Algo importante es la flexibilidad económica; cuando un mes venga flojo, se deben reducir a pases diarios. Si ves que tu negocio crece, puedes escalar a mesa fija o a un equipo que no tenga mudanzas. No hay penalizaciones por cambiar. Esta agilidad financiera hace posible la inversión en lo que puede generar ingresos, no en estructuras rígidas.

Networking sin esfuerzo

Las conexiones aparecen de manera natural, por lo que no hay eventos forzados.
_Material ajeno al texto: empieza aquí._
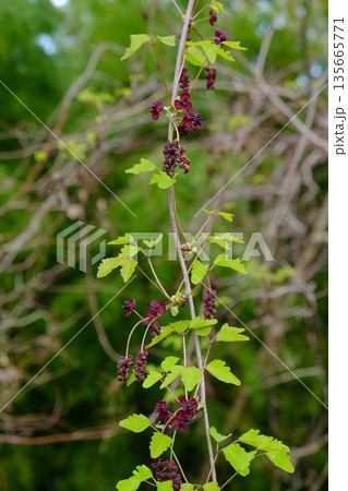 自然 植物 カショウクズマメ、林縁の木々に這わせたつるから花の塊が垂れ下がっています
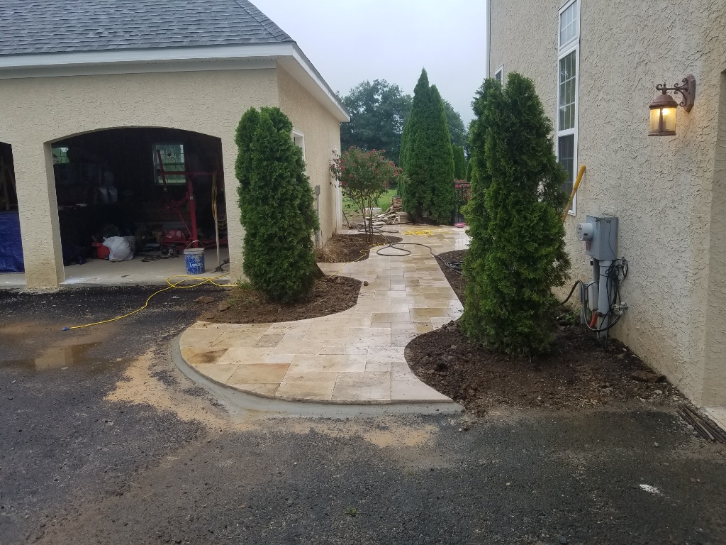 I was out of town do things slowed down, but moving again now. The patio is done and so is most of the walkway....10 or 15 feet to go....it should wrap up tonight or tomorrow. The oven build is tentatively set fo start Saturday ...then stucco.....then garage.....then Ferrari :)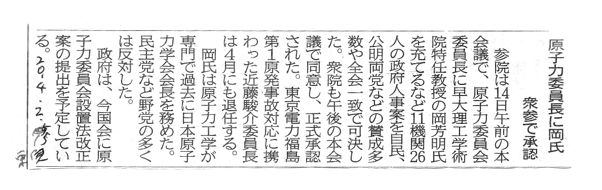 [2014_02_15_01]原子力委員長に岡氏 衆参で了承(東奥日報2014年2月15日)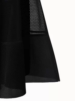 This Akris long skirt is crafted in techno grid patchwork. Patches of grids with different densities create a subtle monochrome checkered look. The skirt is cut for an A-Line shape and closes with a hidden zip.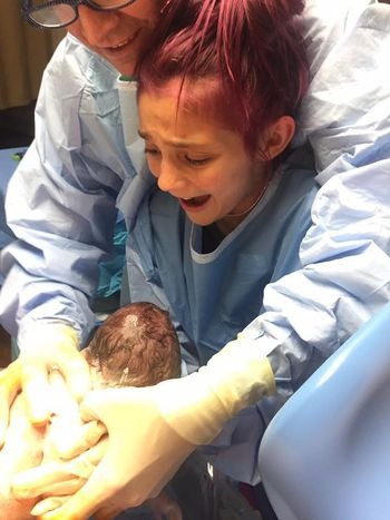 Det här är Dedes dotter, hon är bara 12 år och heter Jacee. Hon fick komma in i rummet, men var inte beredd på att hon skulle få uppleva förlossningen på detta sätt.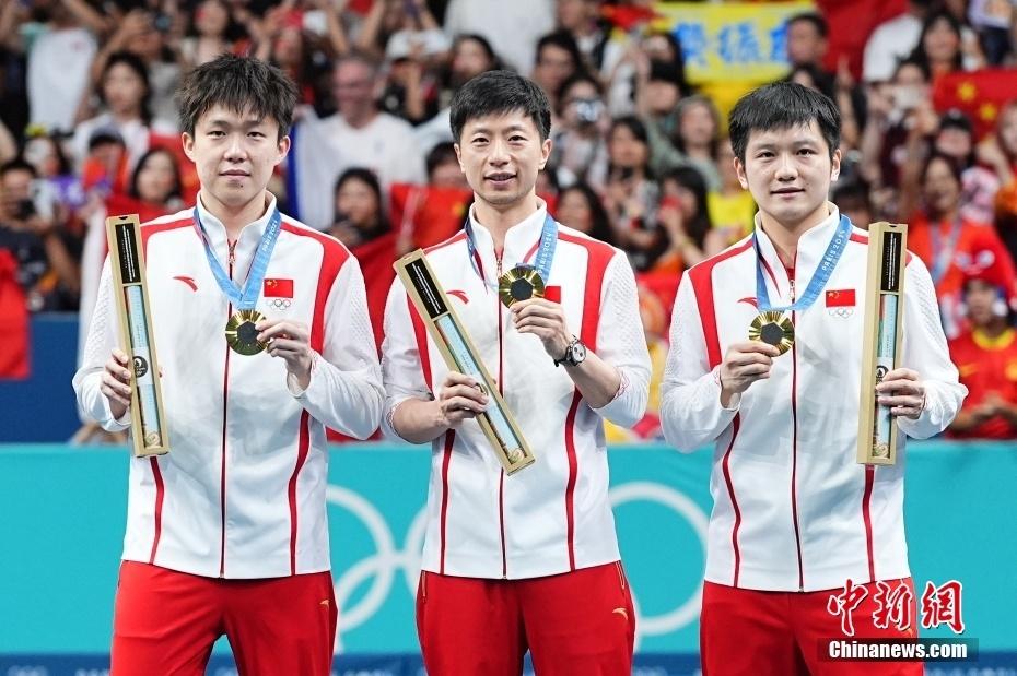 在巴黎奥运会乒乓球男团金牌赛中,中国队以3比0战胜瑞典队,获得冠军。中新社记者 赵文宇 摄

Tienes a la persona que está al lado tuyo preguntando por cómo va tu proyecto o esa charla en la máquina de café o de refrescos sobre un reto que tenéis en común, o te pueden dar ese consejo rápido por parte de un experto.

Hablamos de una red de apoyo que se construye a diario y que no es algo superficial, puesto que nace de problemas compartidos. Un emprendedor encuentra mentor informal; una empresa que capta freelance lo hace de manera puntual. Se puede decir que el coworking lo que hace es acelerar una serie de relaciones que en otro tipo de contextos tardan muchos meses.

El impacto a más largo plazo

El coworking no es algo temporal; quienes lo prueban ven cómo el negocio se organiza bastante mejor, las ideas se ven más claras y las oportunidades puedes ver cómo aparecen solas. Esto hace que se convierta en hábito al ser los resultados mucho más tangibles. Se trata de horas de mayor efectividad, conexiones de gran valor y un crecimiento sin atascos en materia de logística.

Para las empresas, ayuda a tener mayor agilidad a nivel estructural. Hablamos de equipos híbridos, proyectos más rápidos, donde hay escalabilidad sin tantos riesgos.

Conclusiones

Lo que hace el coworking en definitiva es solucionar el problema que puede frenar a multitud de emprendedores, dónde trabajar, pero realmente va mucho más allá. Se crean entornos que impulsan la concentración, las conexiones y la flexibilidad.

No es para todo el mundo, pero para quienes emprenden o dirigen un equipo de pocas personas, si esto se ignora, puede limitarse el potencial de la empresa. La inversión en espacio es necesaria y ayuda a la buena marcha del negocio.